+++ TASK INPUT +++

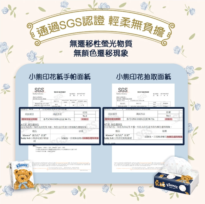 通過SGS「無遷移性螢光物質、無顏色遷移」檢驗,輕柔可愛無負擔
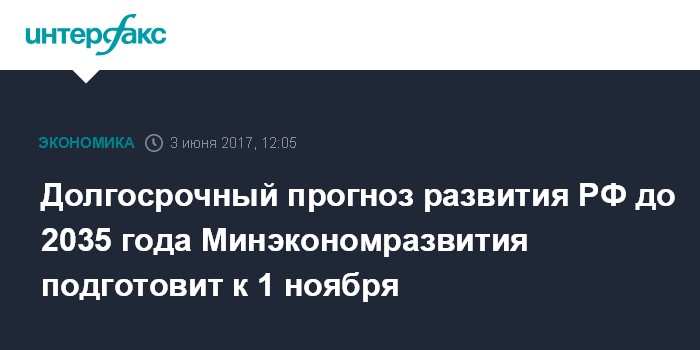 Долгосрочный прогноз развития РФ до 2035 года Минэкономразвития подготовит к 1 ноября
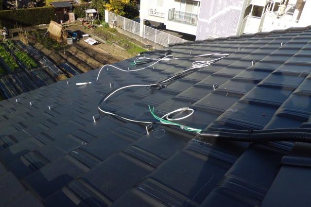 分かりづらいですが瓦の隙間から金具を出したところです。
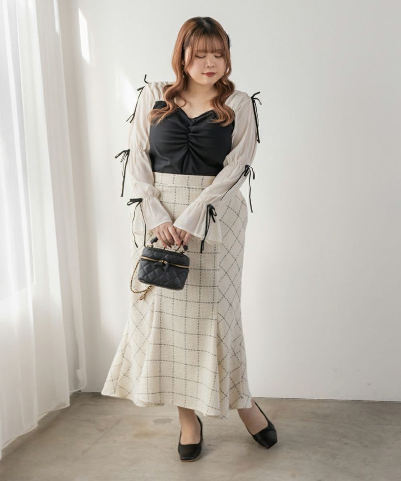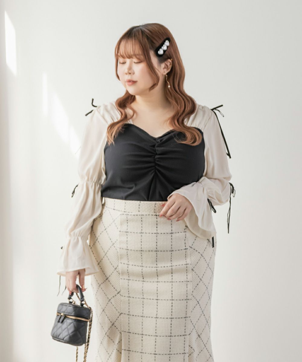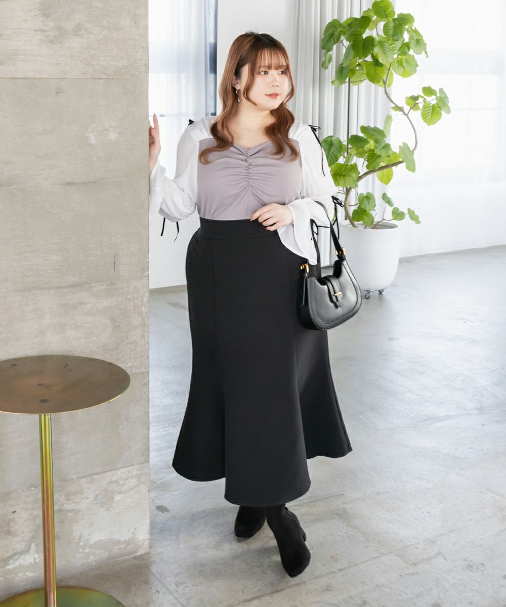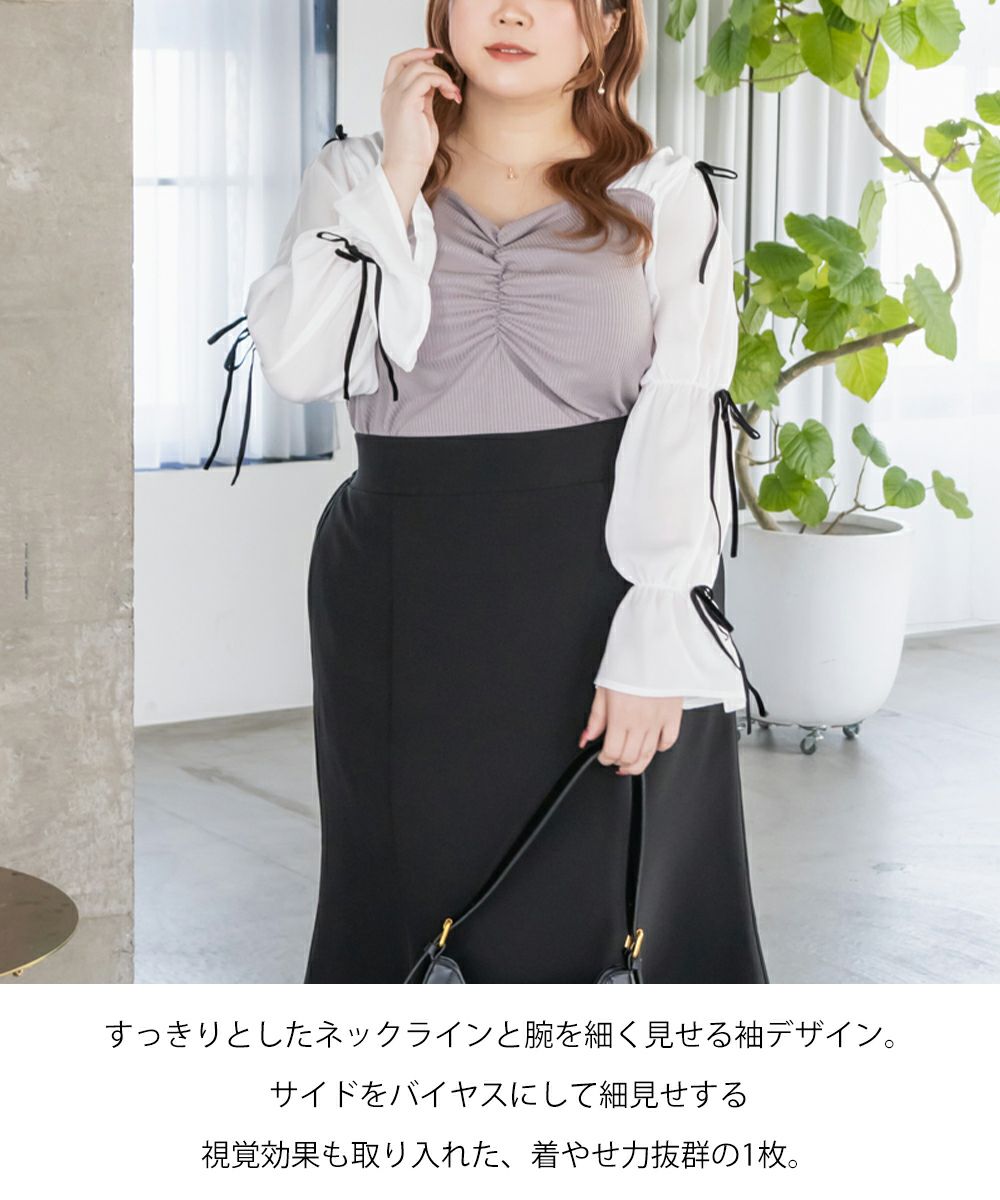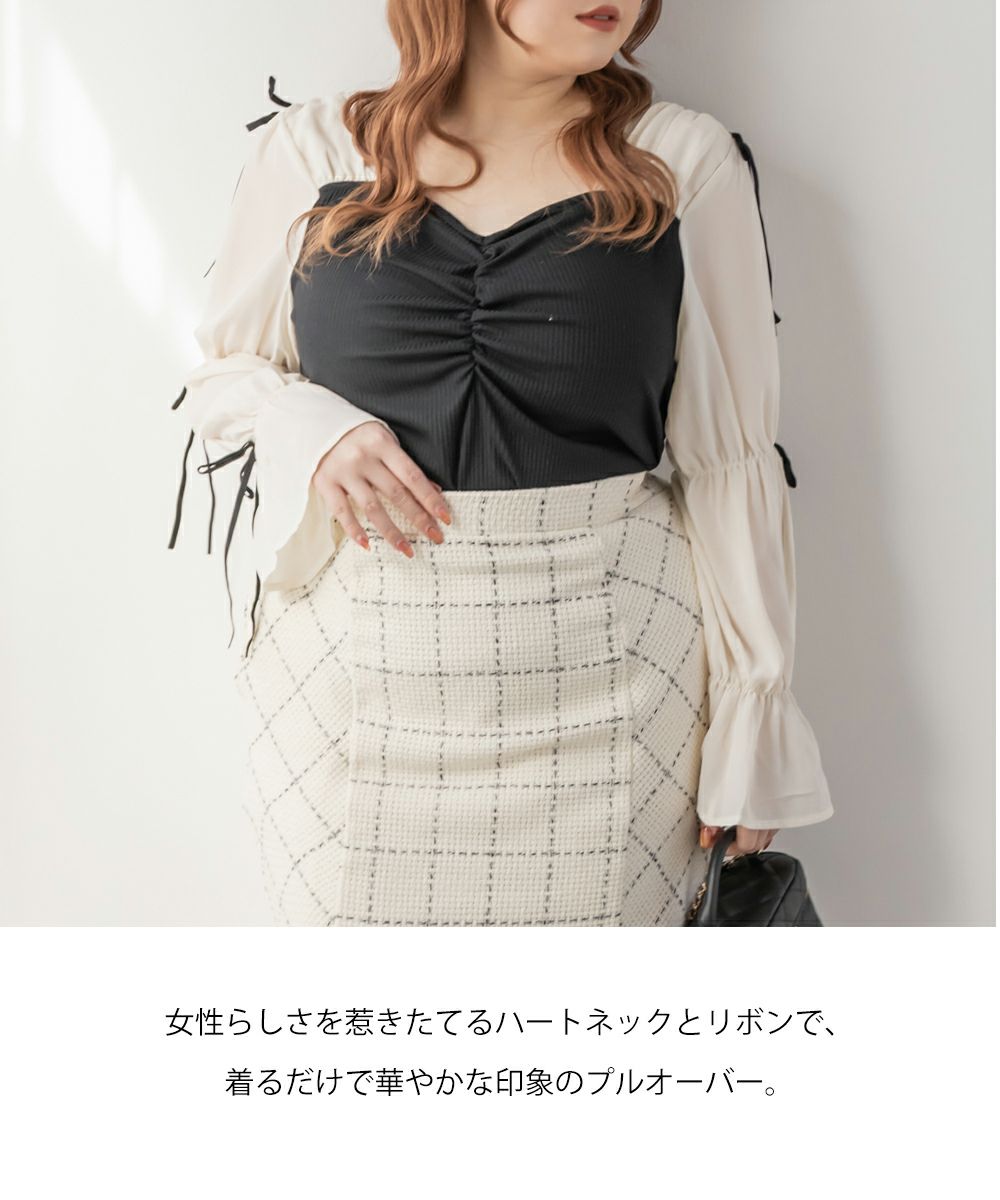 3Lサイズを着用してちょうどよい着心地でした。窮屈に感じるところがなくノンストレスでした。ネックラインはハートに開いていて、フェミニンで顔回りもすっきりとした印象で着られました◎見頃はらくちんなリブカットソーなのもポイント!なにより袖デザインが可愛くて1枚で華やかになれるプルオーバーです♪1枚で主役になるアイテムなのでシンプルなボトムとコーデしても華やかになれます!
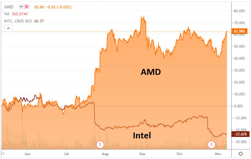 그리고 올해 주가 흐름을 보면 Intel 이 죽쑤고 있는동안 AMD는 고공행진중... 6개월 전보다 62.98 % 상승
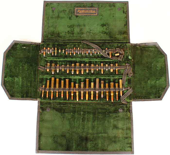 RARE! Remington. large salesman sample bag with various different cartridges, nearly full missing only one, felt on the inside is nice, the outside of the bag is in very good condition but missing both straps, measures 24'' x 24'' unrolled. Grade: Very Good ++ - Value: 200 to 2000

+++

## EXERCISE:
The answer should consist only of the lines above from the one with "3Lサイズを着用してちょうど" through the one with "그리고 올해 주가 흐름을", repeated exactly, with no pictures among them.

## RESPONSE TO THIS TASK:
 3Lサイズを着用してちょうどよい着心地でした。窮屈に感じるところがなくノンストレスでした。ネックラインはハートに開いていて、フェミニンで顔回りもすっきりとした印象で着られました◎見頃はらくちんなリブカットソーなのもポイント!なにより袖デザインが可愛くて1枚で華やかになれるプルオーバーです♪1枚で主役になるアイテムなのでシンプルなボトムとコーデしても華やかになれます!
 그리고 올해 주가 흐름을 보면 Intel 이 죽쑤고 있는동안 AMD는 고공행진중... 6개월 전보다 62.98 % 상승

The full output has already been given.